Optimal Routing for Federated Learning over Dynamic Satellite Networks: Tractable or Not?

Federated learning (FL) is a key paradigm for distributed model learning across decentralized data sources. Communication in each FL round typically consists of two phases: (i) distributing the global model from a server to clients, and (ii) collecting updated local models from clients to the server for aggregation. This paper focuses on a type of FL where communication between a client and the server is relay-based over dynamic networks, making routing optimization essential. A typical scenario is in-orbit FL, where satellites act as clients and communicate with a server (which can be a satellite, ground station, or aerial platform) via multi-hop inter-satellite links.
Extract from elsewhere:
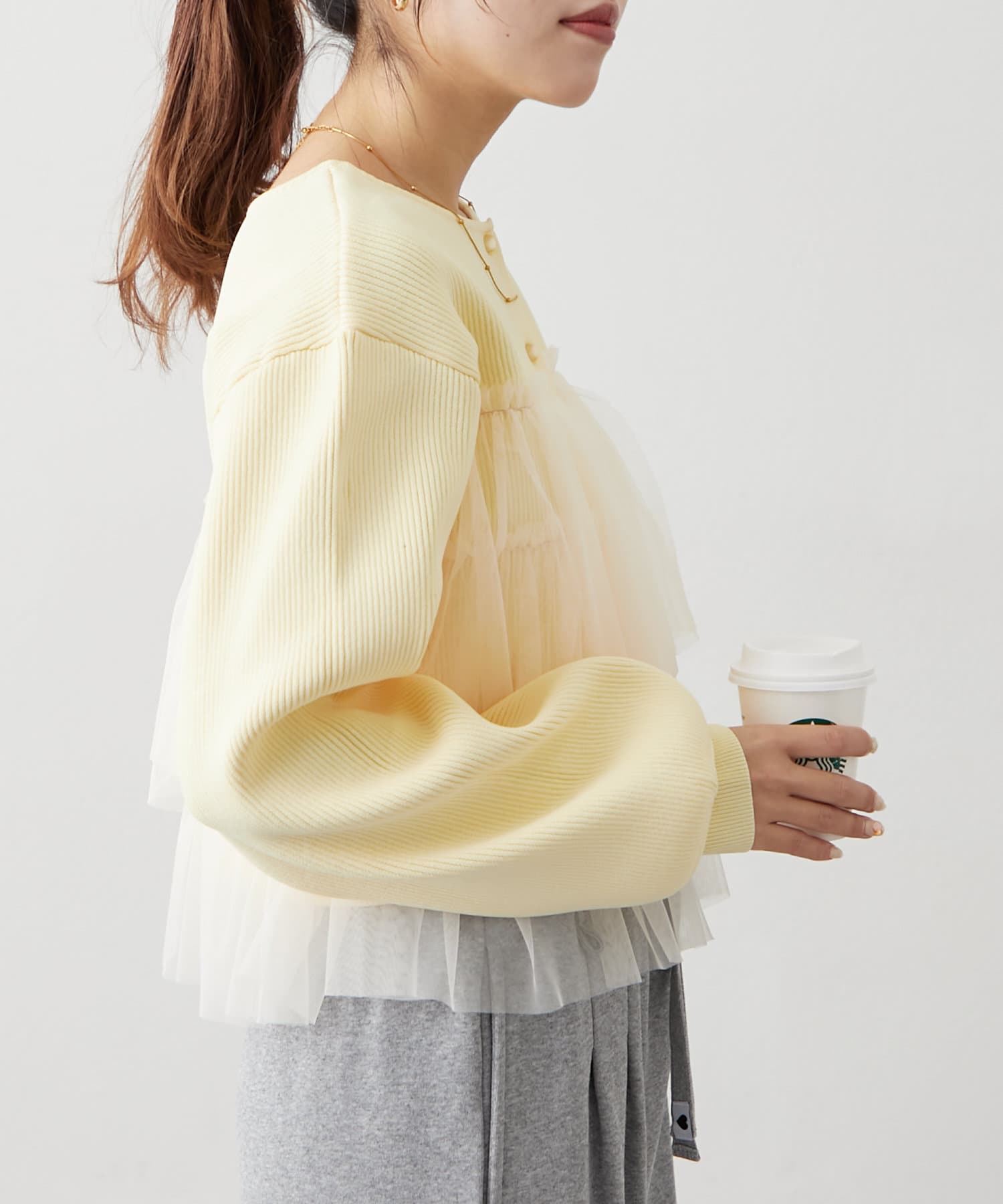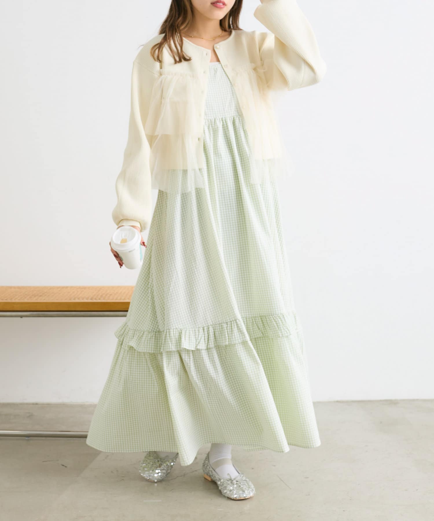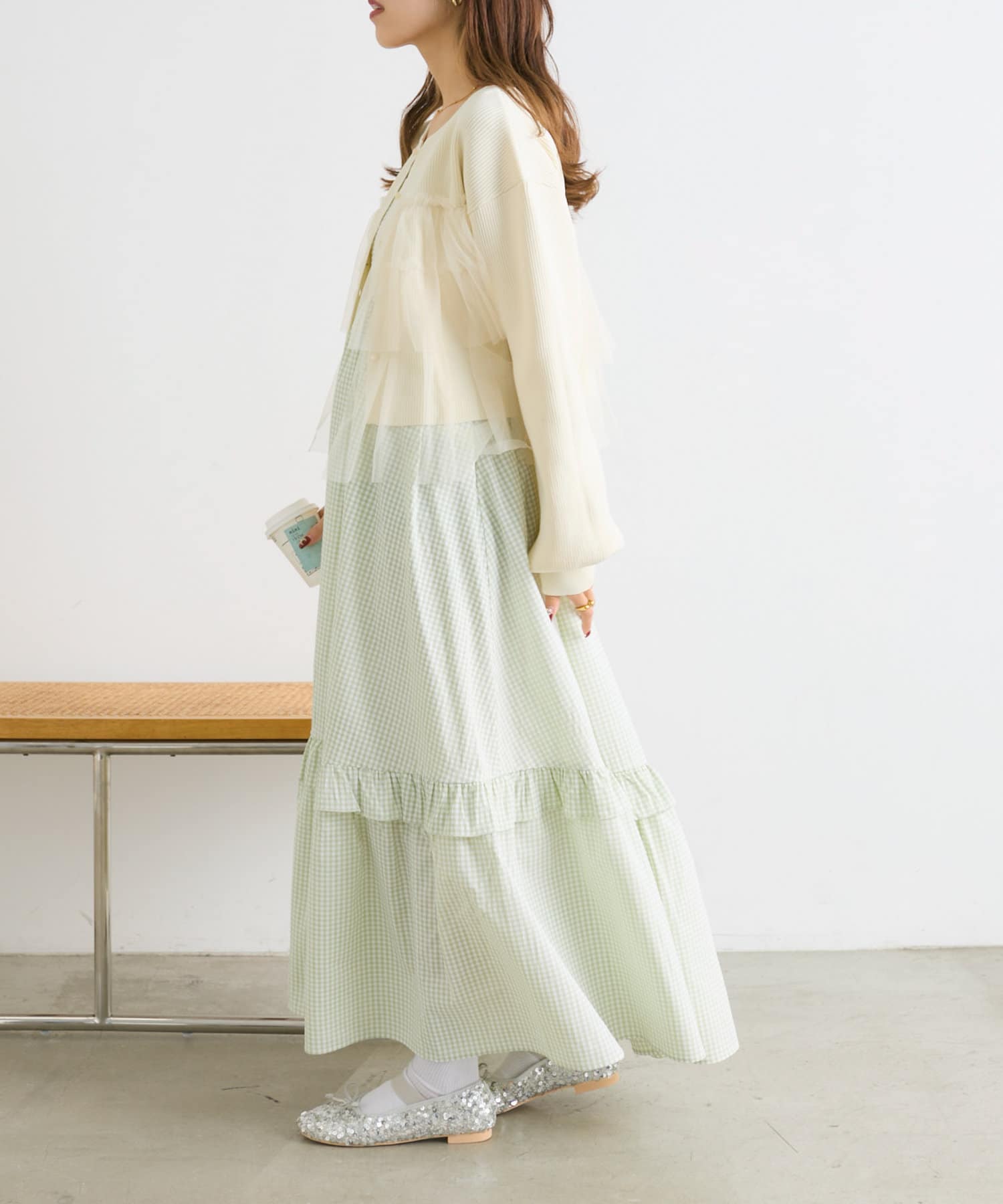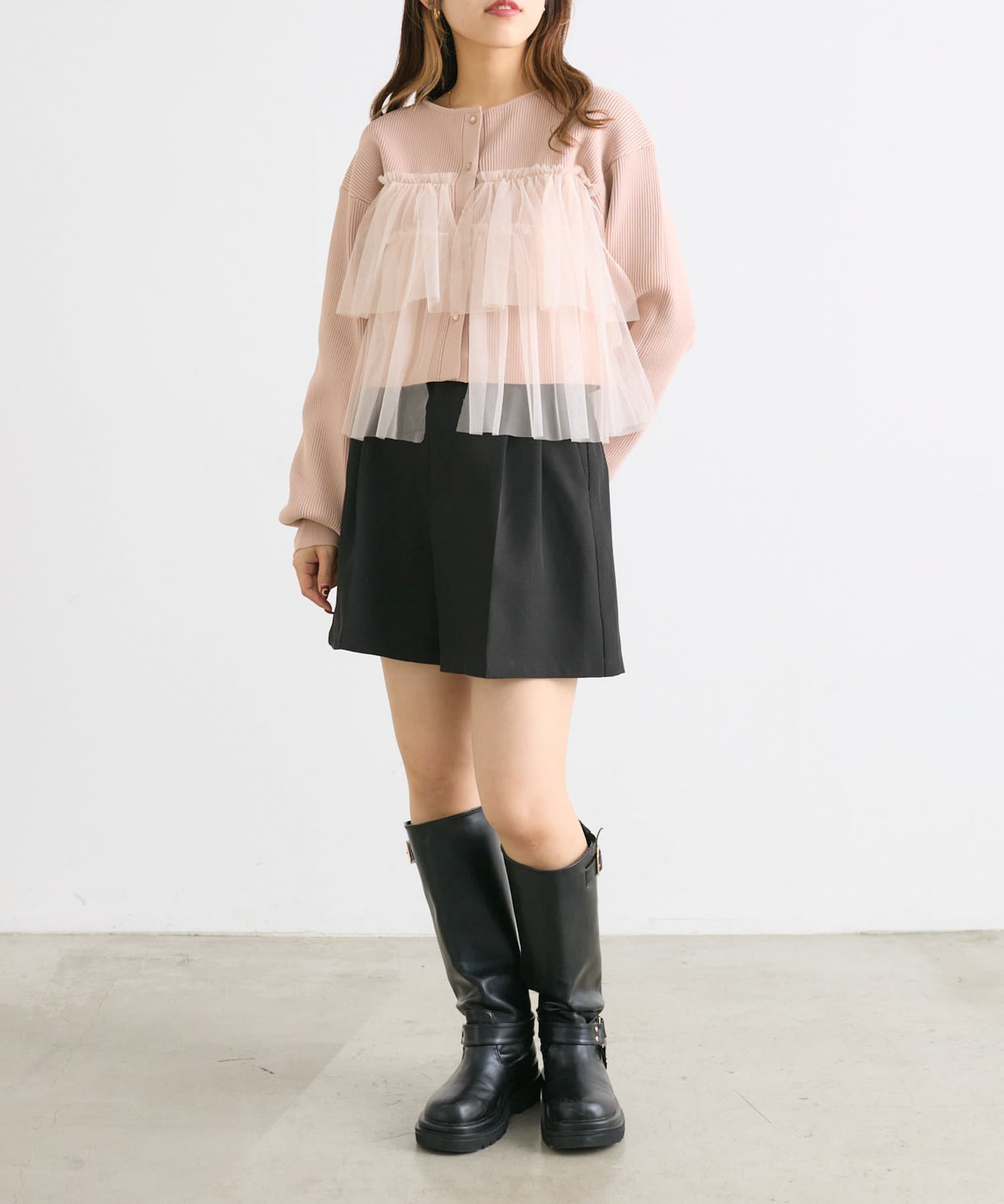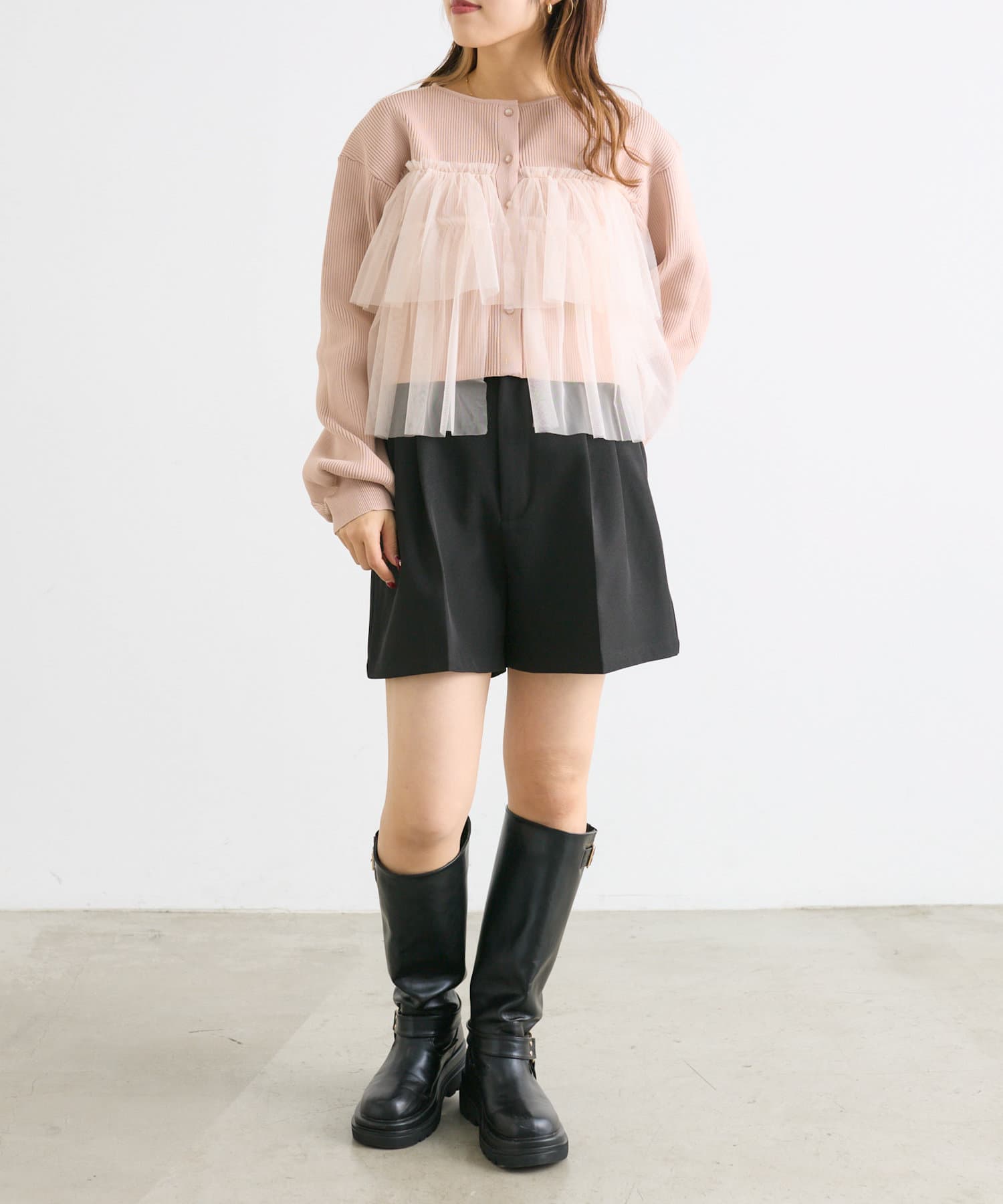 ・シンプルなカーデにチュールを段々にドッキングした華やかな1枚

This paper presents a comprehensive tractability analysis of routing optimization for in-orbit FL under different settings. For global model distribution, these include the number of models, the objective function, and routing schemes (unicast versus multicast, and splittable versus unsplittable flow). For local model collection, the settings consider the number of models, client selection, and flow splittability. For each case, we rigorously prove whether the global optimum is obtainable in polynomial time or the problem is NP-hard. Together, our analysis draws clear boundaries between tractable and intractable regimes for a broad spectrum of routing problems for in-orbit FL. For tractable cases, the derived efficient algorithms are directly applicable in practice. For intractable cases, we provide fundamental insights into their inherent complexity. These contributions fill a critical yet unexplored research gap, laying a foundation for principled routing design, evaluation, and deployment in satellite-based FL or similar distributed learning systems.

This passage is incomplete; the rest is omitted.